Since last year, Abbott has pushed for education savings accounts, which would allow families to use tax dollars to pay for their children’s private education and other school-related expenses. Opponents in the Texas House, citing worries that such a program would siphon funds away from public schools, successfully blocked the measure. But it meant public schools wouldn’t get the funding boost they wanted: Abbott had said he would veto any school funding proposal that did not include an education savings accounts program.
The governor has vowed to make a similar push when the Legislature reconvenes next year.
The uncertainty around state funding for public schools has created a situation where school districts are spending more time worrying about their financial sustainability and less about what’s best for students, said Monty Exter, governmental relations director of the Association of Texas Professional Educators.
But for low-income districts, money difficulties are not unfamiliar.
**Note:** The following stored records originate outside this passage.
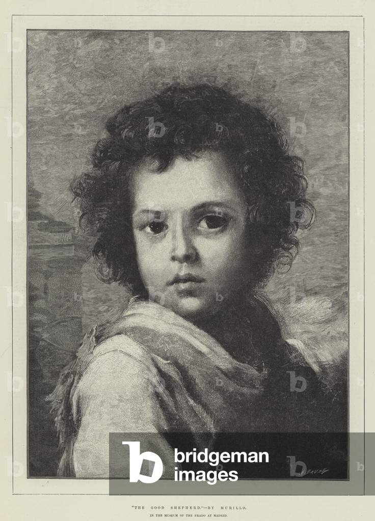 "The Good Shepherd", in the Museum of the Prado at Madrid (engraving), Murillo, Bartolome Esteban (1618-82) (after) / Bridgeman Images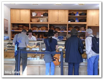 麵包店裡賣著各式麵包,外表都是硬硬的,可以不用塑膠袋直接放到環保袋裡,我喜歡這種單純滋味的麵包。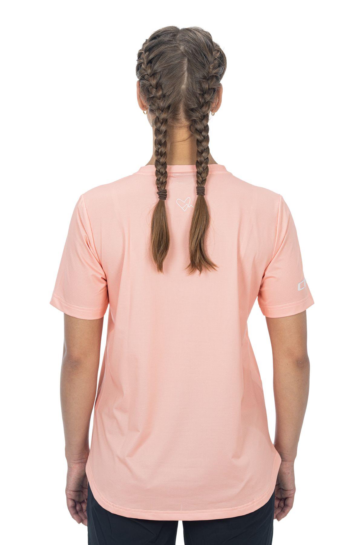 feminine Print Details, atmungsaktives, schnell trocknendes Material, reflektierende Elemente, Model ist 168 cm groß, Model trägt Größe S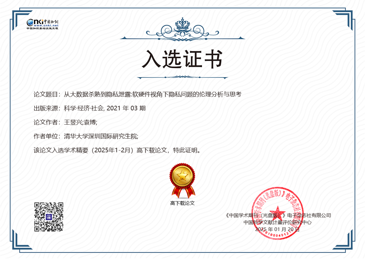 Wang, Y.X. and Yuan, B. (2021) "From Big Data Based Price Discrimination to Privacy Leakage: Ethical Analysis and Reflections on Privacy Issues from the Perspective of Hardware and Software". Science Economy Society, vol. 39(3), pp. 72–81. doi: 10.19946/j.issn.1006-2815.2021.03.006 Link Certificate

And they plan to do what they’ve always done: find ways to provide for students and families with their limited resources.
Some school districts are encouraging their staff to be on the lookout for local grant opportunities. Others are thinking of asking voters to increase the tax revenue going to schools or support school bonds. Few say they are looking to the Legislature for solutions.
”We’re taking as much of the funding issues on ourselves and moving forward,” said Hearne ISD Superintendent Adrian Johnson, adding that he is still hopeful that legislators will do more to fund public schools.
“But we’re not waiting on that to happen,” he said.